We define a Lorenz curve with 5 observed points $(L_i, p_i)$ for $i \in 0, 1, 2, 3, 4 = k$ so that a single cubic cannot fit the implied CDF (except by chance). Then four spline segments of the CDF are defined, each as:

$$ F(y) = a_i y^3 + b_i y^2 + c_i y + d_i,\qquad \mathrm{for}\quad y_{i-1} < y \leq y_i $$

Then we have a total of $4k-3$ interior constraints:

  • $k$ integral (Lorenz) constraints
  • $k-1$ point constraints (continuity)
  • $k-1$ first derivative constraints ($C^1$)
  • $k-1$ second derivative constraints ($C^2$)

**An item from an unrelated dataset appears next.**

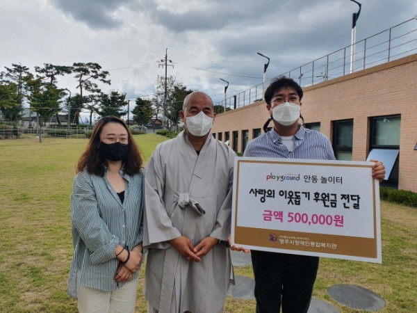 영주시장애인종합복지관 관장(도선스님)은 지역이웃의 어려움을 잊지 않고 물심양면 도움을 주는 안동 놀이터(김민섭 대표)측에 깊은 감사의 인사를 전하였습니다.

and we choose 4 further endpoint constraints from amongst the following:

  • endpoint constraints $y_\min$, $y_\max$
  • endpoint derivative constraints $f(y_\min)$, $f(y_\max)$
  • endpoint second derivative constraints $f'(y_\min)$, $f'(y_\max)$

We can initialise all of these constraints with a least-squares fit as a good initial guess, using the midpoint fit as in the direct cubic spline interpolation.


In [266]:
# The y values are simply the mean-scaled derivatives of the Lorenz curve
dL = np.diff(L)
dp = np.diff(p)
y = ymean * dL/dp
#y = np.hstack((0.0, y))

# And we arbitrarily assign these y values to the mid-points of the p values
pmid = np.add(p[1:],p[:-1])/2
#pmid = np.hstack((0.0, pmid))

plt.plot(y, pmid, 'b.')

# Find the least squares fit
X = np.vstack((np.power(y, 3), np.power(y, 2), np.power(y, 1), np.power(y, 0)))

# bX = y
import numpy.linalg
coef = numpy.linalg.lstsq(np.transpose(X), np.transpose(pmid))[0]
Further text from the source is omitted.